Princess Power is a series based on the 2005 book of the same name by Savannah Guthrie and Allison Oppenheim, which was Created by Elise Allen. The series was released on Netflix on January 30, 2023.

Premise 
In each episode of Princess Power, the four princesses help the people in their lives as well as the "Frutizens" of their "Fruitdoms" with any problems they may have using whimsical problem solving. While helping, they regularly sing songs about teamwork and being true to oneself.

Characters

Main characters 
 Dana Heath as Kira Kiwi
 Madison Calderon as Beatrice “Bea” Gertrude Ingeborg Blueberry
 Trinity Jo-Li Bliss as Rita Raspberry
 Luna Bella Zamora as Penelope “Penny” Pineapple
 Alanna Ubach as Miss Fussywiggles

Recurring characters 
 Rita Moreno as Great Aunt Bussyboots
 Andrew Rannells as King Barton
 Jenna Ushkowitz as Queen Ryung
 Ian Loh as Joon
 Tan France as Sir Benedict
 Micaiah Chen as Ara
 Eric Bauza as Seung
 Ciera Payton as Queen Katia
 Anairis Quinones as Karina
 Antonio Raul Corbo as Felipe
 Isabella Russo as Sena
 Jermaine Fowler as Kaue

Guest stars 
 Savannah Guthrie as Susie Seedplanter
 Drew Barrymore as Headmistress Miranda

Development 
Development Princess Power began in 2018 after it was optioned by Atomic Cartoons.

It was important for the show to examine the aspects embodied by traditional animated princesses and look at how it might be possible to preserve the elements that draw so many people towards them, especially young children, but evolve that definition to prioritize being more active, empathetic, and to also just be yourself.

The fundamental DNA of the show revolves around the understanding that "Princess is a Verb, not a noun". This crystallization came from Showrunner Elise Allen after reading "Princesses Wear Pants". The core message of the show is that "it’s not what you wear but what you do that makes all the difference"

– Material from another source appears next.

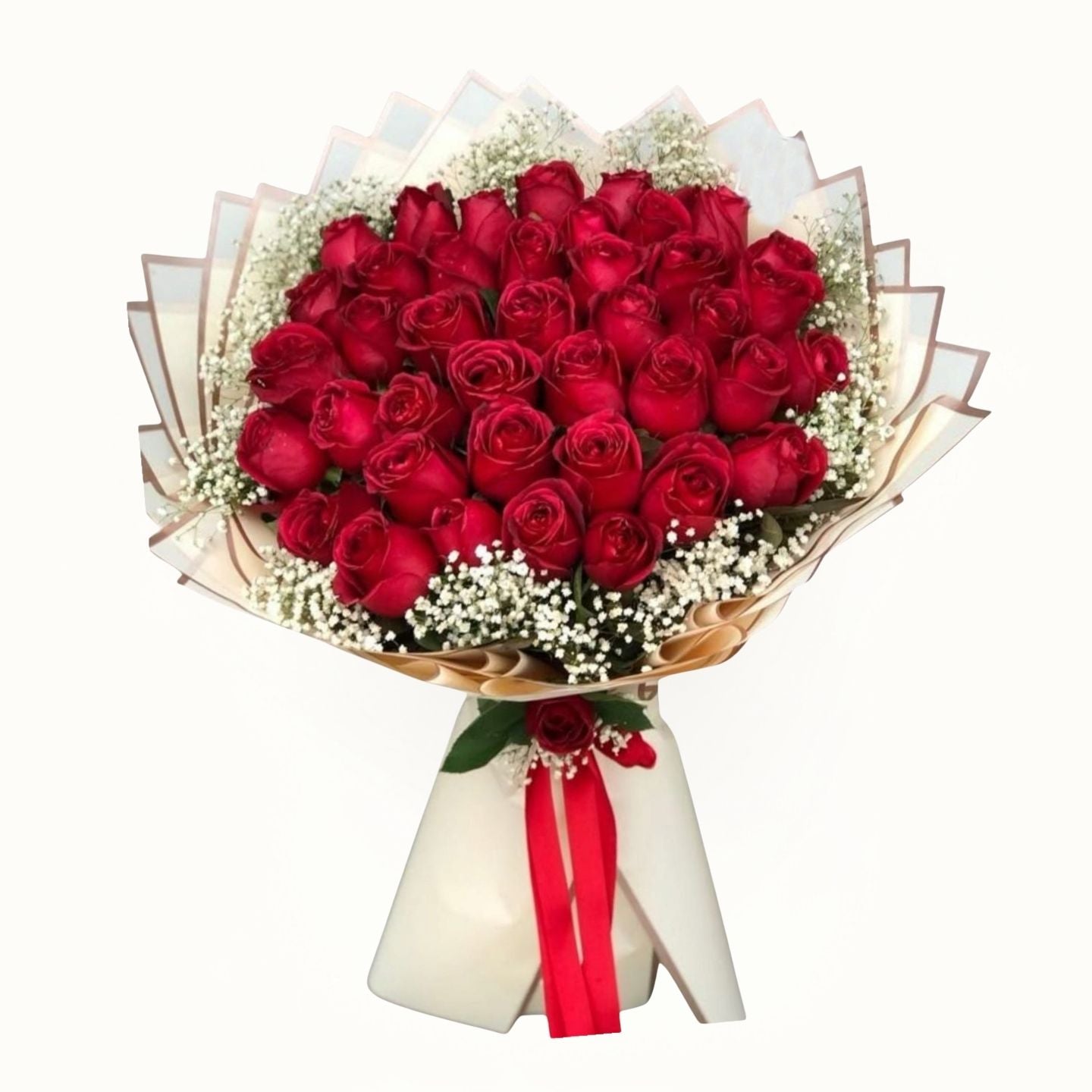 55pc of Fresh Red Roses ,Around of roses White Gypsophila 5steams,

For executive producer Savannah Guthrie, It was important that, "You don’t have to see a carbon copy of yourself. You just have to see an aspect that you can connect with and that tells you you’re accepted." One example of this in the show is by Princess Beatrice having gay dads.

Soundtrack 
On January 27, 2023, songs from the first season were released on multiple streaming services.